→ WHAT IS EXPECTED
The pictures are to be omitted when the entries are reproduced exactly.

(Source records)
________________________

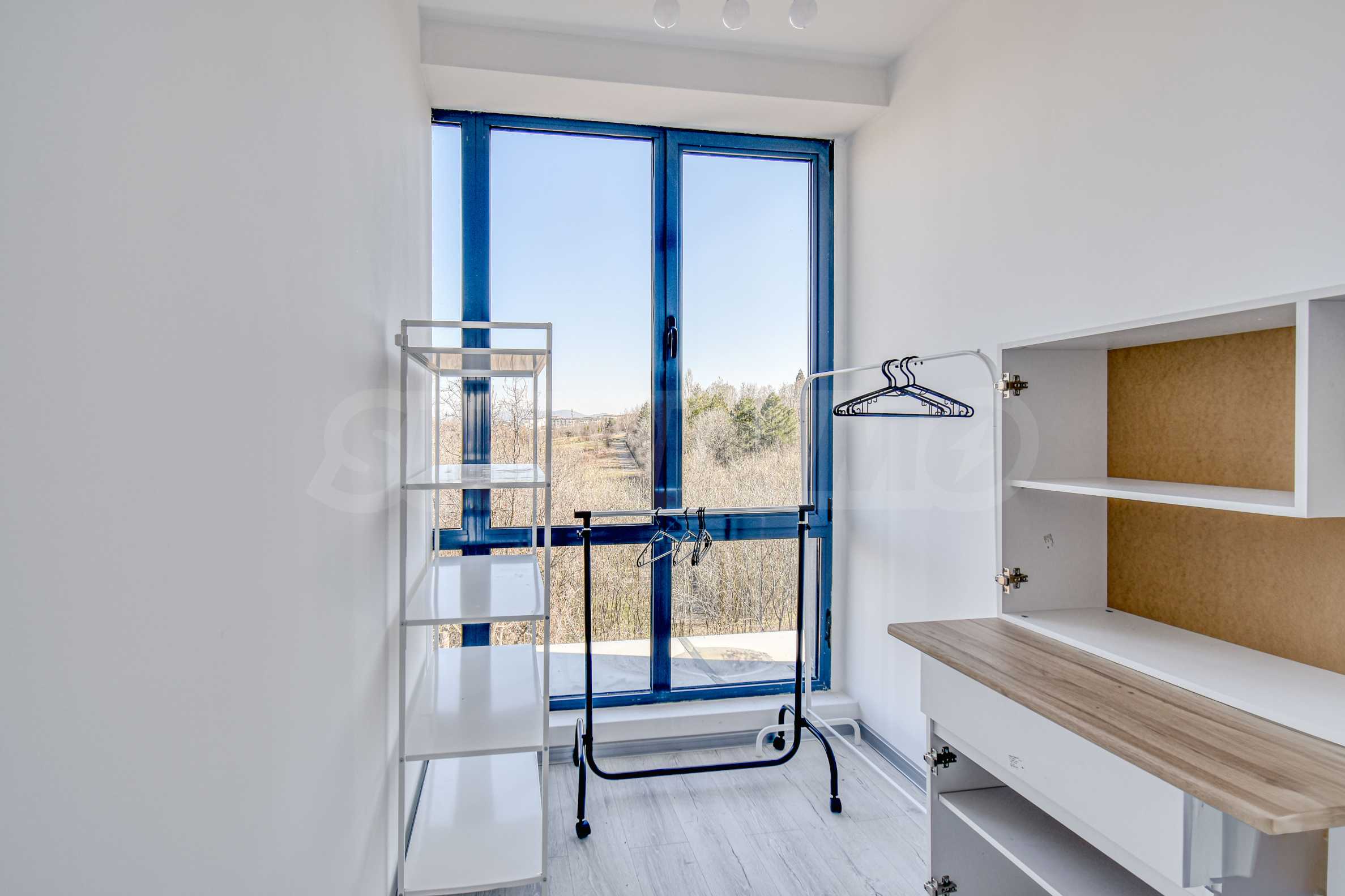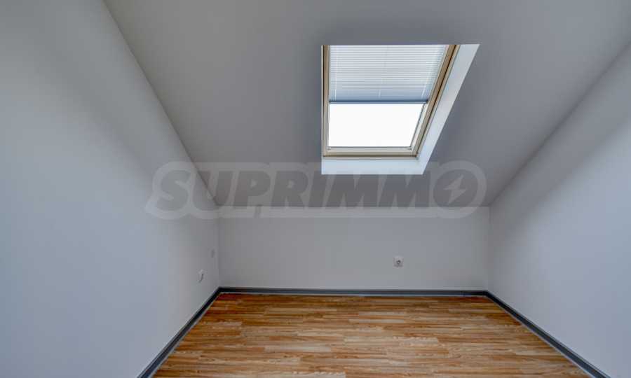 Apartament typu maisonette składa się z przestronnego salonu z kuchnią, dwóch nieumeblowanych sypialni na pierwszym piętrze, które można umeblowanie wykonać za dodatkową opłatą, a także łazienki z toaletą. Na drugim piętrze znajduje się sypialnia główna z garderobą i prywatną łazienką.
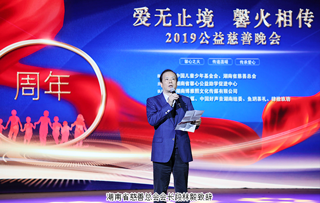 晚會(huì)伊始,湖南省慈善總會(huì)會(huì)長(zhǎng)段林毅致辭。他首先對(duì)長(zhǎng)期關(guān)心支持湖南慈善公益事業(yè)發(fā)展的各位領(lǐng)導(dǎo)、企業(yè)家朋友表示衷心的感謝和崇高的敬意。多年來慈善總會(huì)匯聚全省的愛心力量,嚴(yán)格落實(shí)省委省政府打好脫貧攻堅(jiān)戰(zhàn)的戰(zhàn)略部署,聚焦扶貧攻堅(jiān),聚焦特殊群眾 ,堅(jiān)持慈善厚德,努力做好慈善捐助、慈善救助的工作。2019年,全省各級(jí)慈善機(jī)構(gòu)共募集愛心款物超15億元,先后幫助困難群眾達(dá)600多萬人次。慈善公益事業(yè)是一項(xiàng)偉大的事業(yè),將與時(shí)代發(fā)展同頻共振,需要社會(huì)各界大力的參與和支持。他呼吁,全省廣大公益組織、企業(yè)界愛心朋友、社會(huì)愛心人士能更加踴躍積極投身到公益事業(yè)中,匯聚湖南力量,創(chuàng)造湖南慈善事業(yè)新成就,為打好脫貧攻堅(jiān)戰(zhàn)、全面建成小康社會(huì),實(shí)現(xiàn)中華民族偉大復(fù)興的中國夢(mèng)貢獻(xiàn)力量。
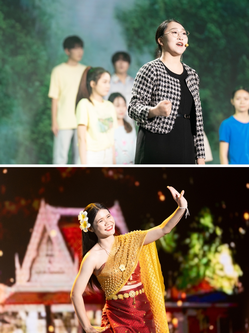 第二篇章“本草·求创新”以退休教职工舞蹈团、合唱团,教工合唱团,大学生合唱团,校十佳歌手代表共同带来的歌曲联唱启幕。《我们的生活充满阳光》《校园的早晨》《光阴的故事》《星辰大海》《我爱你中国》,以优美的旋律和动人的歌声,展现了南中医人的家国情怀。音乐剧《植草耕心》如诗如画,演绎着南中医人的温情与坚守。武术舞蹈《杏林武韵》刚柔并济,似奔腾的骏马,呈现出南中医的豪迈气魄与活力。由泰国留学生带来的舞蹈《泰好看》则以其灵动的舞姿和绚丽的色彩,让观众们感受到了留学生的独特靓丽风采。
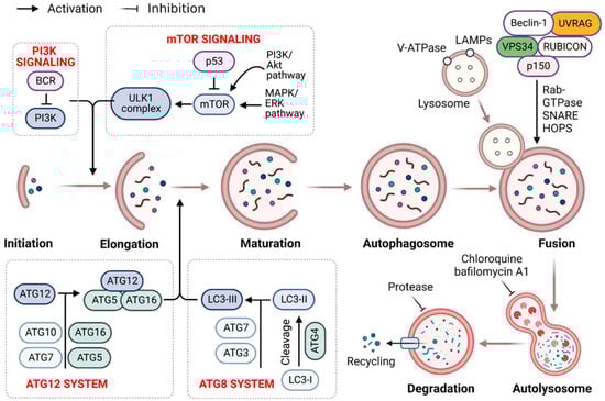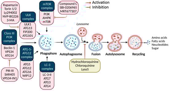 Recent evidence indicates that autophagy recycles misfolded proteins and damaged organelles, maintaining cellular homeostasis in neurodegeneration and cancer. It includes a sequence of carefully regulated/controlled processes (i.e., initiation, nucleation, elongation, lysosomal fusion, and destruction) [] (Figure 1). Research over the previous two decades has highlighted autophagy’s role in human diseases []. As a key evolutionary catabolic process for cytoplasmatic component digestion, altering the autophagic activity by targeting certain regulatory factors may affect disease processes []. Autophagy’s activation and downregulation in malignancies indicate oncogenic and tumor-suppressive characteristics []. Consequently, key autophagy targets must be identified for novel therapeutics.
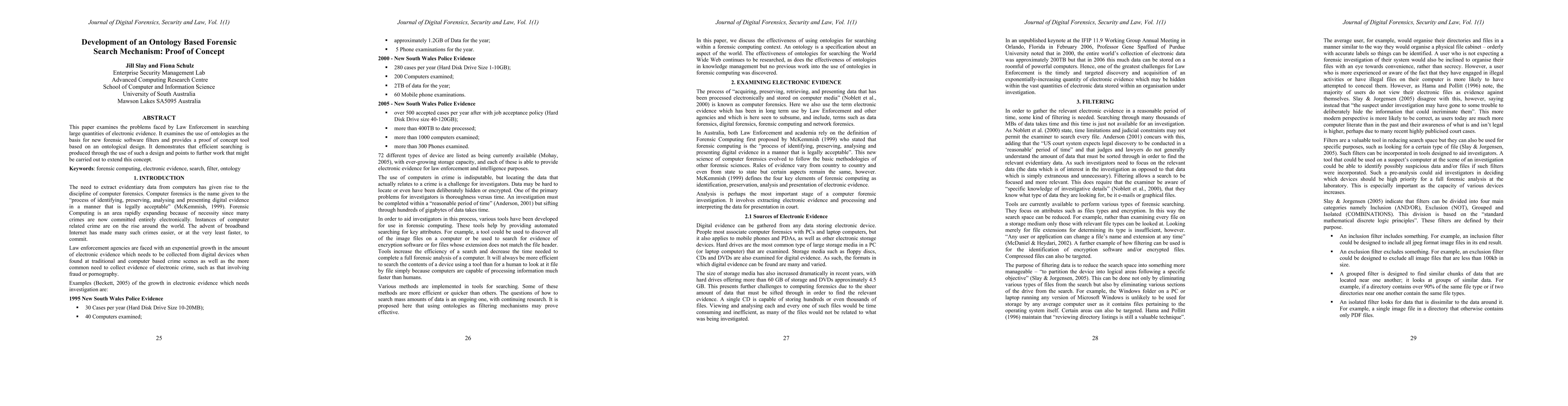 This paper examines the problems faced by Law Enforcement in searching large quantities of electronic evidence. It examines the use of ontologies as the basis for new forensic software filters and provides a proof of concept tool based on an ontological design. It demonstrates that efficient searching is produced through the use of such a design and points to further work that might be carried out to extend this concept.
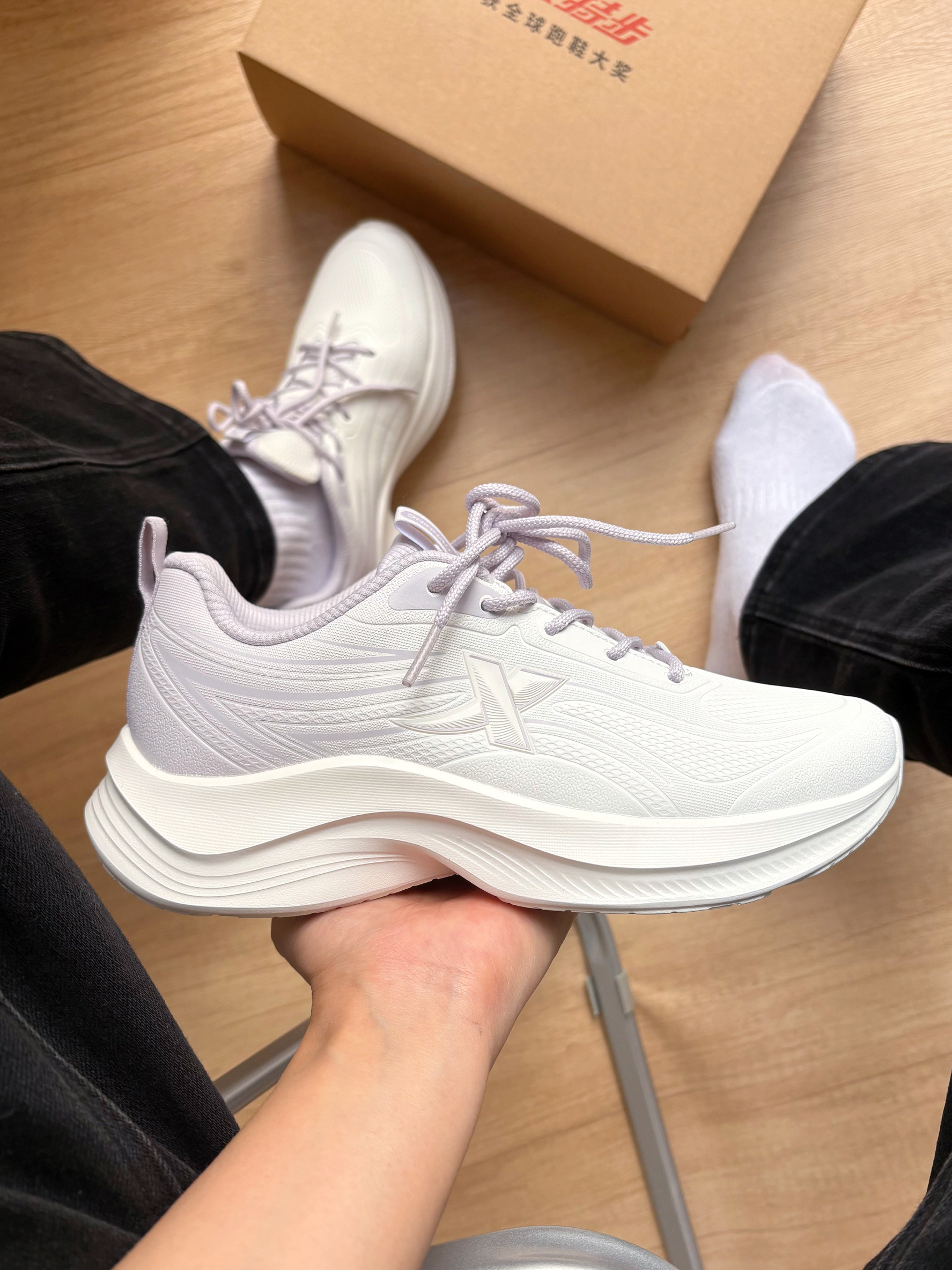 日常出门真的离不开这双特步! 淡紫拼白超耐看,随便套个裤子就很出片😍 鞋底软到像踩棉花,不管是通勤赶车还是周末遛弯,穿它都舒服又自在~
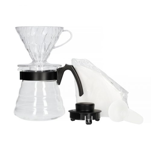 Lielisks sākuma komplekts kafijas pagatavošanai no Hario, kas ietver V60-02 caurspīdīgu plastmasas pilinātāju ar kafijas karotīti, stikla serveri ar ietilpību 600 ml un 40 filtrus.
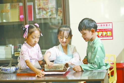 市博物馆相关负责人介绍,端午期间,焦作市博物馆持续开展免费汉服体验、木版拓印、古潮投壶、二胡演奏、定时汉服讲解等多项活动,还推出了“一举高中 前程似锦”书画活动、端午节互动打卡、DIY五彩绳、射五毒游戏以及有奖知识竞答等活动,众多活动吸引市民朋友们前来馆内参观游玩,尤其是投壶、拓印活动给孩子们带来了不一样的体验,二胡演奏也吸引家长和孩子驻足欣赏。到馆的游客都免费领取到五彩绳一条,大家手戴五彩绳,身穿汉服,在博物馆内感受到了浓浓的端午节气息。除了线下馆内活动,该馆还在微信公众号开设了端午节知识科普专栏,假期里通过不同方式给家长和孩子带来更多的研学体验。
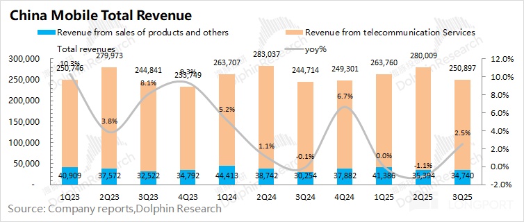 中國移動 2025 年第三季度總營收 2509 億元,同比增長 2.5%。分項來看,其中公司本季度來自於通訊服務的收入為 2162 億元,同比微增 0.8%;來自産品銷售及其他的收入為 347 億元,同比增長 14.8%,是公司本季度增長的主要推動力。
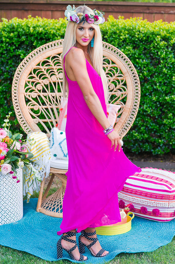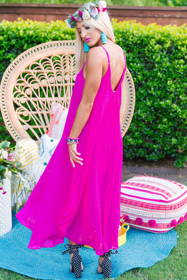 Sip mimosas at sunset in this fabulous fuchsia midi dress! This chic chiffon dress has a round neckline, thin adjustable straps, an ultra breezy poly silhouette & a rounded midi length hem that is perfect for showing off a sassy statement heel. Add a pop of color to your look with a turquoise statement earring, or a colorful bracelet stack! - Fully lined bodice. Partially lined skirt. - Machine wash cold. Hang to dry.
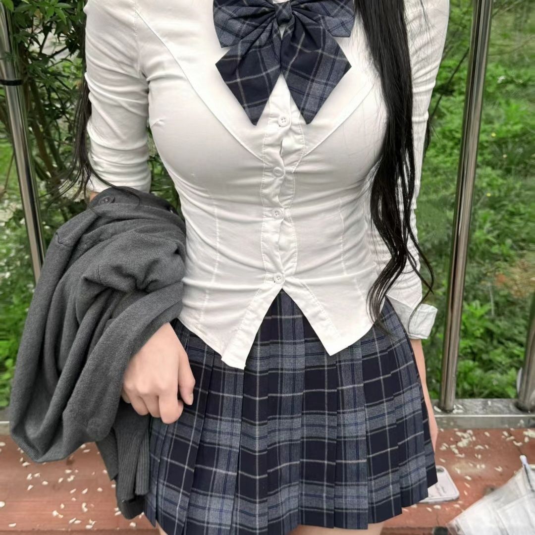 Оригинальный ночной летний подлинный jk униформа женская целая юбка-рубашка с поясом

________________________

→ WORKED SOLUTION
 Apartament typu maisonette składa się z przestronnego salonu z kuchnią, dwóch nieumeblowanych sypialni na pierwszym piętrze, które można umeblowanie wykonać za dodatkową opłatą, a także łazienki z toaletą. Na drugim piętrze znajduje się sypialnia główna z garderobą i prywatną łazienką.
 晚會(huì)伊始,湖南省慈善總會(huì)會(huì)長(zhǎng)段林毅致辭。他首先對(duì)長(zhǎng)期關(guān)心支持湖南慈善公益事業(yè)發(fā)展的各位領(lǐng)導(dǎo)、企業(yè)家朋友表示衷心的感謝和崇高的敬意。多年來慈善總會(huì)匯聚全省的愛心力量,嚴(yán)格落實(shí)省委省政府打好脫貧攻堅(jiān)戰(zhàn)的戰(zhàn)略部署,聚焦扶貧攻堅(jiān),聚焦特殊群眾 ,堅(jiān)持慈善厚德,努力做好慈善捐助、慈善救助的工作。2019年,全省各級(jí)慈善機(jī)構(gòu)共募集愛心款物超15億元,先后幫助困難群眾達(dá)600多萬人次。慈善公益事業(yè)是一項(xiàng)偉大的事業(yè),將與時(shí)代發(fā)展同頻共振,需要社會(huì)各界大力的參與和支持。他呼吁,全省廣大公益組織、企業(yè)界愛心朋友、社會(huì)愛心人士能更加踴躍積極投身到公益事業(yè)中,匯聚湖南力量,創(chuàng)造湖南慈善事業(yè)新成就,為打好脫貧攻堅(jiān)戰(zhàn)、全面建成小康社會(huì),實(shí)現(xiàn)中華民族偉大復(fù)興的中國夢(mèng)貢獻(xiàn)力量。
 第二篇章“本草·求创新”以退休教职工舞蹈团、合唱团,教工合唱团,大学生合唱团,校十佳歌手代表共同带来的歌曲联唱启幕。《我们的生活充满阳光》《校园的早晨》《光阴的故事》《星辰大海》《我爱你中国》,以优美的旋律和动人的歌声,展现了南中医人的家国情怀。音乐剧《植草耕心》如诗如画,演绎着南中医人的温情与坚守。武术舞蹈《杏林武韵》刚柔并济,似奔腾的骏马,呈现出南中医的豪迈气魄与活力。由泰国留学生带来的舞蹈《泰好看》则以其灵动的舞姿和绚丽的色彩,让观众们感受到了留学生的独特靓丽风采。
 Recent evidence indicates that autophagy recycles misfolded proteins and damaged organelles, maintaining cellular homeostasis in neurodegeneration and cancer. It includes a sequence of carefully regulated/controlled processes (i.e., initiation, nucleation, elongation, lysosomal fusion, and destruction) [] (Figure 1). Research over the previous two decades has highlighted autophagy’s role in human diseases []. As a key evolutionary catabolic process for cytoplasmatic component digestion, altering the autophagic activity by targeting certain regulatory factors may affect disease processes []. Autophagy’s activation and downregulation in malignancies indicate oncogenic and tumor-suppressive characteristics []. Consequently, key autophagy targets must be identified for novel therapeutics.
 This paper examines the problems faced by Law Enforcement in searching large quantities of electronic evidence. It examines the use of ontologies as the basis for new forensic software filters and provides a proof of concept tool based on an ontological design. It demonstrates that efficient searching is produced through the use of such a design and points to further work that might be carried out to extend this concept.
 日常出门真的离不开这双特步! 淡紫拼白超耐看,随便套个裤子就很出片😍 鞋底软到像踩棉花,不管是通勤赶车还是周末遛弯,穿它都舒服又自在~
 Lielisks sākuma komplekts kafijas pagatavošanai no Hario, kas ietver V60-02 caurspīdīgu plastmasas pilinātāju ar kafijas karotīti, stikla serveri ar ietilpību 600 ml un 40 filtrus.
 市博物馆相关负责人介绍,端午期间,焦作市博物馆持续开展免费汉服体验、木版拓印、古潮投壶、二胡演奏、定时汉服讲解等多项活动,还推出了“一举高中 前程似锦”书画活动、端午节互动打卡、DIY五彩绳、射五毒游戏以及有奖知识竞答等活动,众多活动吸引市民朋友们前来馆内参观游玩,尤其是投壶、拓印活动给孩子们带来了不一样的体验,二胡演奏也吸引家长和孩子驻足欣赏。到馆的游客都免费领取到五彩绳一条,大家手戴五彩绳,身穿汉服,在博物馆内感受到了浓浓的端午节气息。除了线下馆内活动,该馆还在微信公众号开设了端午节知识科普专栏,假期里通过不同方式给家长和孩子带来更多的研学体验。
 中國移動 2025 年第三季度總營收 2509 億元,同比增長 2.5%。分項來看,其中公司本季度來自於通訊服務的收入為 2162 億元,同比微增 0.8%;來自産品銷售及其他的收入為 347 億元,同比增長 14.8%,是公司本季度增長的主要推動力。
 Sip mimosas at sunset in this fabulous fuchsia midi dress! This chic chiffon dress has a round neckline, thin adjustable straps, an ultra breezy poly silhouette & a rounded midi length hem that is perfect for showing off a sassy statement heel. Add a pop of color to your look with a turquoise statement earring, or a colorful bracelet stack! - Fully lined bodice. Partially lined skirt. - Machine wash cold. Hang to dry.
 Оригинальный ночной летний подлинный jk униформа женская целая юбка-рубашка с поясом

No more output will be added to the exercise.